Monday, Oct 3, 2011 7:30 PM UTC2011-10-03T19:30:00Zl, M j, Y g:i A T

“Occupy Wall Street,” today’s Whiskey Rebellion

The protest has its roots in the 1700s, when people stood up to the elites of their day: the Founding Fathers

A demonstrator from the Occupy Wall Street campaign stands with a dollar taped over his mouth in Zucotti Park near the financial district of New York

A demonstrator from the Occupy Wall Street campaign stands with a dollar taped over his mouth as he stands in Zucotti Park near the financial district of New York September 30, 2011.  (Credit: Lucas Jackson / Reuters)

This originally appeared on William Hogeland's blog.

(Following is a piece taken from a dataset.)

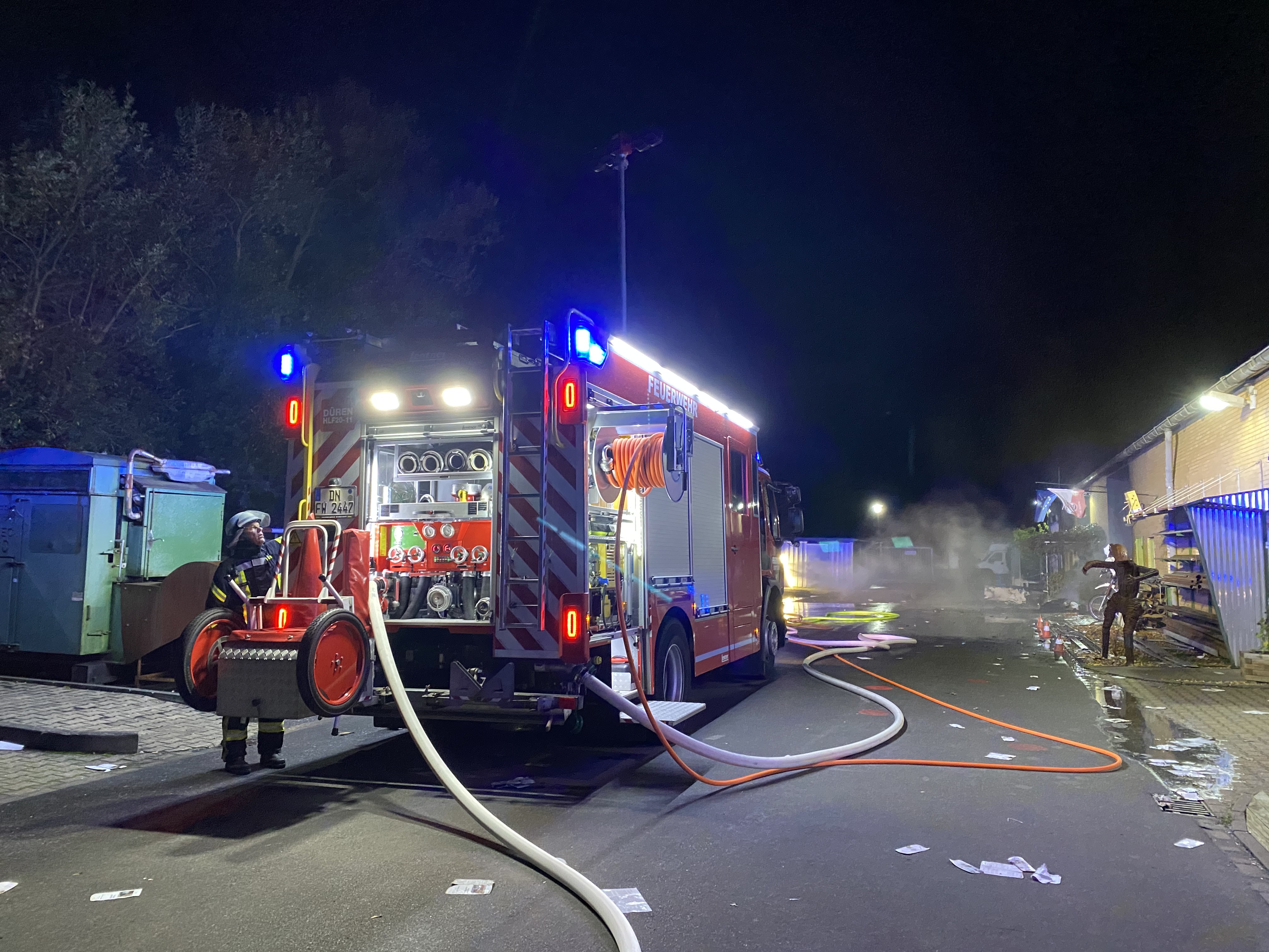 Feuerwehr meldete die Leitstelle des Kreises Düren mehrere Anrufer, die einen Feuerschein und mehrere Explosionsgeräusche angaben. Die unmittelbar eingeleitete Erkundung auf dem weitläufigen Areal bestätigte ein Feuer im Außengelände, dass auf einen angrenzenden Werkstattbereich überzugreifen drohte. Die Alarmstufe wurde umgehend erhöht, so dass neben der bereits alarmierten Hauptwache, der Löschzug Mitte, die Löschgruppe Birkesdorf und der Führungsdienst hinzugezogen wurden.

Given some of my key subjects, I can’t help but be interested in the “occupy” movement that, at the moment, has hundreds of protesters more or less living in Zuccotti Park near the New York Stock Exchange in lower Manhattan for the past three weeks, and is apparently sparking similar protests in other cities. Until some 700 people were arrested over the weekend, you couldn’t find out much about this action via “mainstream media,” and much of the left media, such as it is, has been critical in some cases, and outright dismissive in others, regarding the movement’s evident formlessness and absence of specific goals.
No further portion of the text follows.